When I use the webcam, once the elaboration of a frame is done the program reads the following frame, which is the one currently taken by the webcam (there's a buffer of 5 frames, but it's not really that significant, and I can set it to 1 anyway).
On the other hand, when reading a video file all the frames are read one by one, and the unprocessed ones just, basically, there's an increasing delay between the output of the program and the "natural" flow of the video.
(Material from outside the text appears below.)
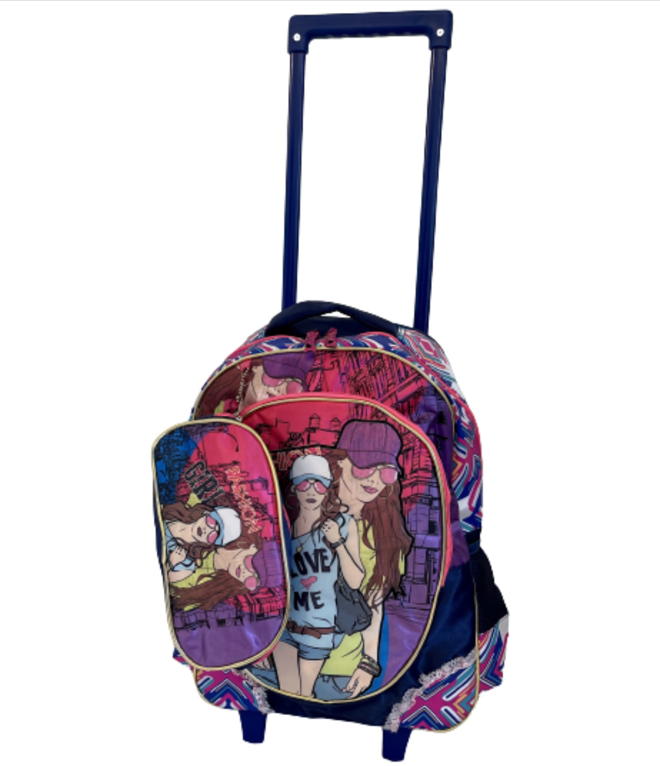Kufor / batoh na kolieskach s výsuvnou rukoväťou s vreckami na pitie po stranách a rôznymi vreckami na cenosti a pod. K tovaru take dostanete takú univerzálnu taštičku ktorá je možné použiť na kozmetiku alebo ako peračník do školy.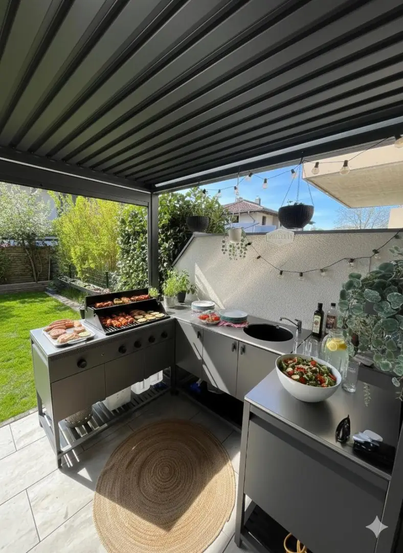 Garten: 12m² Terrasse inkl. Aussen-Grillküche plus ca. 80m² Alleingarten

I was wondering if/how I can get the same result with video as I have with the webcam. In other words:

  • take frame 0 at time t0;
  • analyze frame 0, the process takes a certain amout of time delta_t;
  • after this, do not analyze frame 1, but the frame that would be taken after delta_t if the video was played normally.

I'm asking because I'll probably have to run the object detection on a virtual machine, reading the video stream from a remote webcam, so I'm afraid that the program might be behave like it usually does for videos, reading all the accumulated frames instead of the "live" ones.

I assume I might have to use two parallel processes, one that keeps reading the video stream and the other one taking frames to be analyzed as often as allowed by the object detector...any suggestions?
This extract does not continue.